Israel Defense Forces Chief of Staff Gabi Ashkenazi recently asked Attorney General Yehuda Weinstein to determine who leaked documents to the press regarding Lt. Col. (res. ) Boaz Harpaz, the self-confessed forger of an unrelated document (the Galant document ) aimed at affecting the choice of Ashkenazi's successor.
Ashkenazi claimed the leaked documents contain sensitive information about the special operations unit of the General Staff's intelligence division. He therefore demanded that the state take action to recover them from the journalists who obtained them.
Last month, Haaretz, Yedioth Ahronoth and Channel 10 television simultaneously reported new findings about Harpaz, including his connections with Ashkenazi. The reports also described - within the limits imposed by the military censor - Harpaz's activities in both the special ops unit and the elite Sayeret Matkal unit.
The reports were based on the findings of an investigation by IDF ombudsman Avner Barzani, now deceased, into complaints made by Harpaz about his retirement conditions, and apparently on additional internal military documents as well.
A fourth media organization received copies of the documents but chose not to make them public.

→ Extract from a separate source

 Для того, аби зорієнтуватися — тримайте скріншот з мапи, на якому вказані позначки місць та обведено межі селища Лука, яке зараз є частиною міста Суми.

Ashkenazi concluded, based on questions the journalists posed to the IDF spokesman, that the documents had the potential to cause great damage to Israeli security. In his request to Weinstein, he argued that the very fact that the documents were leaked constituted a grave blow to state security and recommended that steps be taken to return them to the defense establishment.

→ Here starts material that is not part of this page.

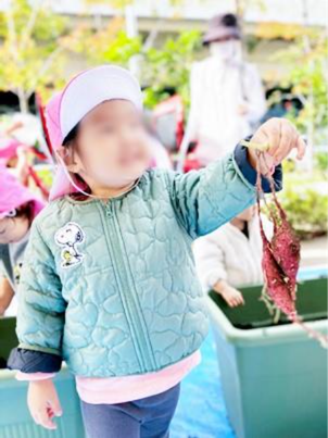 小さいけれど甘いさつまいもは、子どもたちが家族へのお土産として自宅に持ち帰って、各家庭の食卓で味わいました。さつまいもご飯やお味噌汁などそれぞれの家庭で工夫した「さつまいもメニュー」が食卓を飾ったようです。収穫体験を話し、恵みを家族とともに美味しくいただく。その時間が子どもたちの成長に大切な栄養となることでしょう。

Ashkenazi also asked senior defense officials to investigate who was responsible for the leak. They, however, refused, on the grounds that the military censor had in any event prohibited the media from publishing the most sensitive information in the documents, thus avoiding any material damage to state security.

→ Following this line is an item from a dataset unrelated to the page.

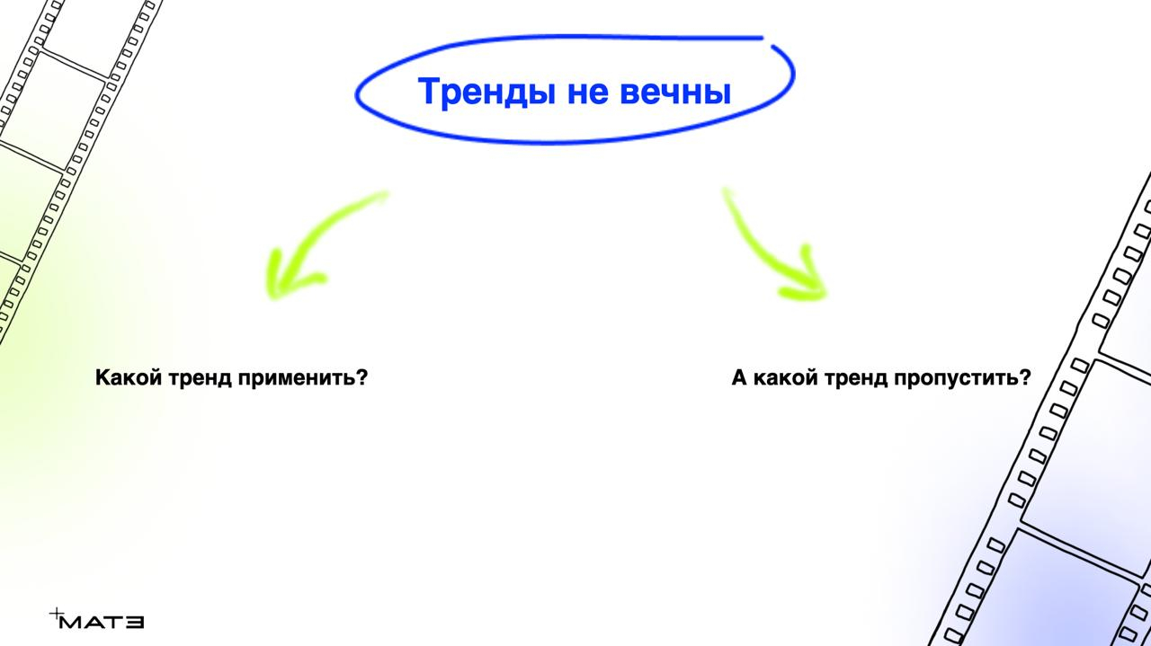 В соцсетях тренд живет считанные дни. В рекламе — месяцы. Если вы не успели подхватить волну за 2-3 недели, стоит искать другой прием. Брендам с длинным циклом согласований лучше ориентироваться на макротенденции.

An earlier police investigation involving Harpaz was primarily concerned with the Galant document - whether it was forged, who forged it and how it made its way from Ashkenazi's office to Channel 2 television. The police traced the document's paper trail, but found no evidence of any crime other than the original forgery. In addition, less than two weeks after the investigation began, Weinstein announced that no senior IDF officers were involved in forging the document.